### Task to complete:
Please keep to the lines below from the one with "the Northeast, one" through the one with "全新优化的预订流程由原来的5", and restate them word for word, ends included.

### Records to use:
:::

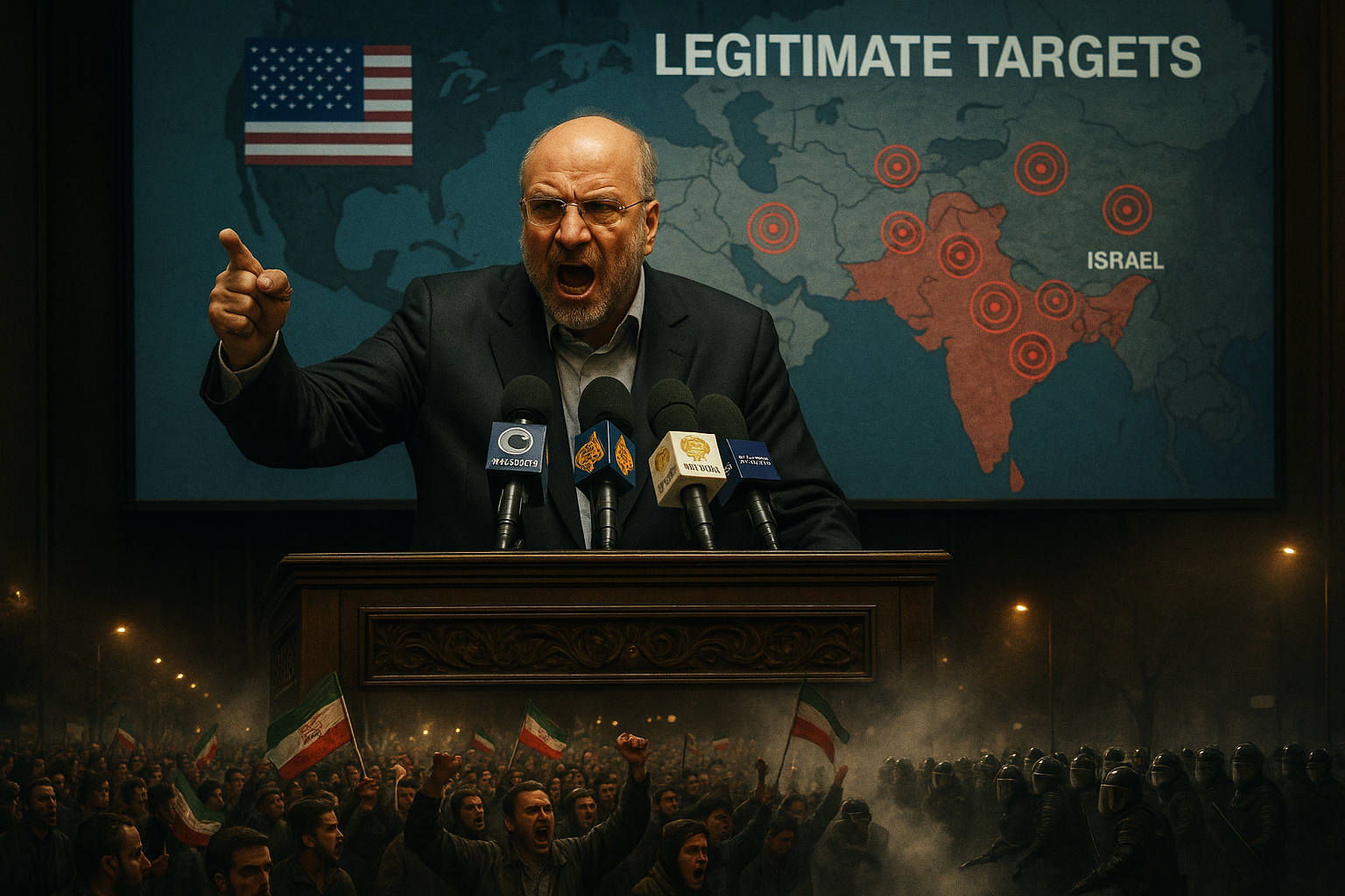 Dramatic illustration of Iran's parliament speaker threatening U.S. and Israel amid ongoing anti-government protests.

:::

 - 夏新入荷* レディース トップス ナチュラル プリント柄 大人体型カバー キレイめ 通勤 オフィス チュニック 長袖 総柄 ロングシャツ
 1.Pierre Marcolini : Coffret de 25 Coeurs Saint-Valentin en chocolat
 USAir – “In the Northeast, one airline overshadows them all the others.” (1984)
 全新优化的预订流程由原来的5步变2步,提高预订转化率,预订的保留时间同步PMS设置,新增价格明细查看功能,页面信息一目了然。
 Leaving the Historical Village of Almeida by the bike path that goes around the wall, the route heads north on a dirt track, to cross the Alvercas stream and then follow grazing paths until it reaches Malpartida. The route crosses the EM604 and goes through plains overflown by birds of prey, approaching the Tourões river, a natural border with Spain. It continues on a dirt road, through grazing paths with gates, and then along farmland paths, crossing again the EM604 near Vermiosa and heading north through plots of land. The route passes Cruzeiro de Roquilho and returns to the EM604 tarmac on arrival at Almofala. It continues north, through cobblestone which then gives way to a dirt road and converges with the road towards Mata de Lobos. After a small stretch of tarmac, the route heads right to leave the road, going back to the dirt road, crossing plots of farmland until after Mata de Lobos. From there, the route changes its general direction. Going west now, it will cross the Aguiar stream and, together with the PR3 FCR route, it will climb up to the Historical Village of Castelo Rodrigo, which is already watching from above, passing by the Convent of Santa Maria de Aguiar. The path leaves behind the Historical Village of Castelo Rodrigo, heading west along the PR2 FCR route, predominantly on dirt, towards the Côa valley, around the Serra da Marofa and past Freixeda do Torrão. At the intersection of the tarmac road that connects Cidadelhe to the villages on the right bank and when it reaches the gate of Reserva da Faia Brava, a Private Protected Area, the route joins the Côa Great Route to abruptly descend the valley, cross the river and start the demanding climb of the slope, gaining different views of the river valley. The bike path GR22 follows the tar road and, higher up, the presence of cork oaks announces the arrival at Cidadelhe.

:::

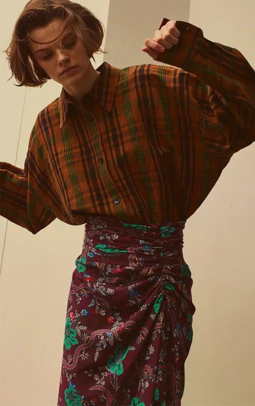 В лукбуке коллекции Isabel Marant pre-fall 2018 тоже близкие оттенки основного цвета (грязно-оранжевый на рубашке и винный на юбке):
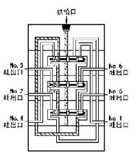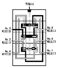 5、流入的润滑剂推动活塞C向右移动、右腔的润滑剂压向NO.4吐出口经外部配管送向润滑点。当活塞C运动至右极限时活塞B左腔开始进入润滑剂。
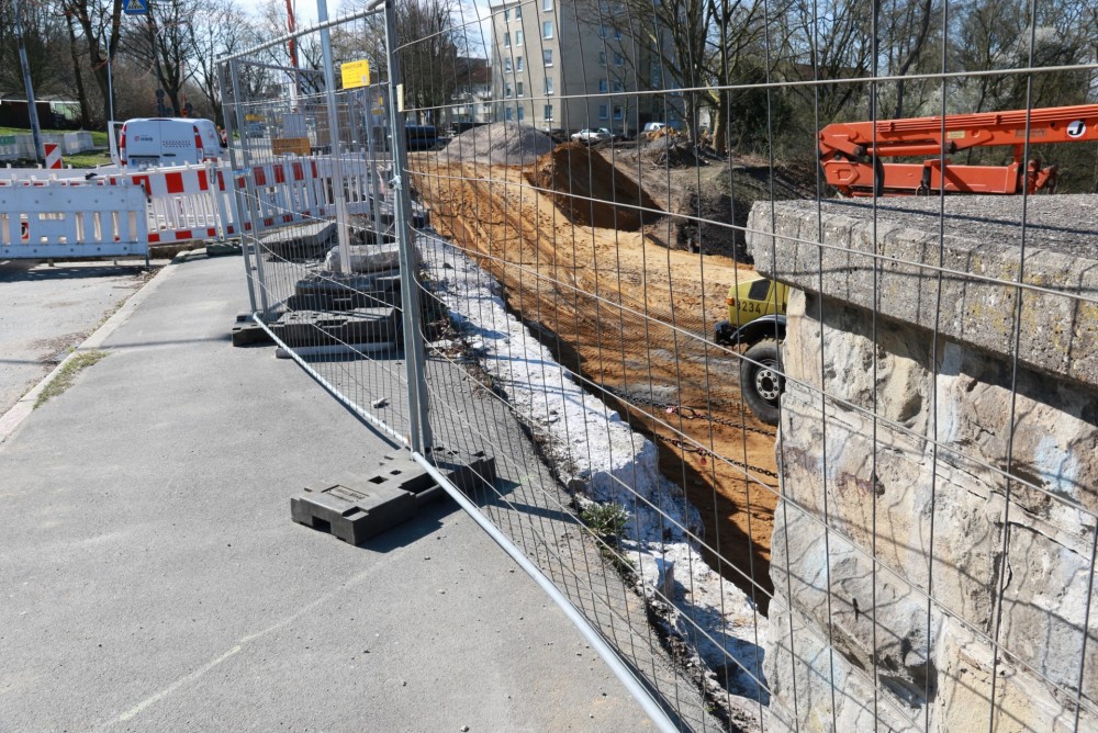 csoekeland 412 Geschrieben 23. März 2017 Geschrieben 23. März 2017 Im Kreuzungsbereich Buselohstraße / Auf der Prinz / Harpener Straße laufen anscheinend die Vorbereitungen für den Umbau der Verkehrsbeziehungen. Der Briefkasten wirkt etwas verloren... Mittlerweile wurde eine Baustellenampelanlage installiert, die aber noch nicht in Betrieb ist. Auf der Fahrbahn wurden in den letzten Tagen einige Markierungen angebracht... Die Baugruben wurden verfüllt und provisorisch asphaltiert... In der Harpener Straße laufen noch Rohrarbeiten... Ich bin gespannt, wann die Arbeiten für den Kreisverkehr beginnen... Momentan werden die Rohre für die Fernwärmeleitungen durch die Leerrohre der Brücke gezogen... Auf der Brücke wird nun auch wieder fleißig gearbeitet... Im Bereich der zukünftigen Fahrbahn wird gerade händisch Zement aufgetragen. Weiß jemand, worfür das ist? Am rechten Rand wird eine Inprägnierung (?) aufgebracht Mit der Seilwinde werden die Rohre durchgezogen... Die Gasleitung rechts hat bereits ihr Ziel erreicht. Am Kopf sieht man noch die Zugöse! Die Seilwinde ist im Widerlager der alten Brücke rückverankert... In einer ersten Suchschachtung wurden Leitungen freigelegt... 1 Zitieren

:::

### Expected output:
 USAir – “In the Northeast, one airline overshadows them all the others.” (1984)
 全新优化的预订流程由原来的5步变2步,提高预订转化率,预订的保留时间同步PMS设置,新增价格明细查看功能,页面信息一目了然。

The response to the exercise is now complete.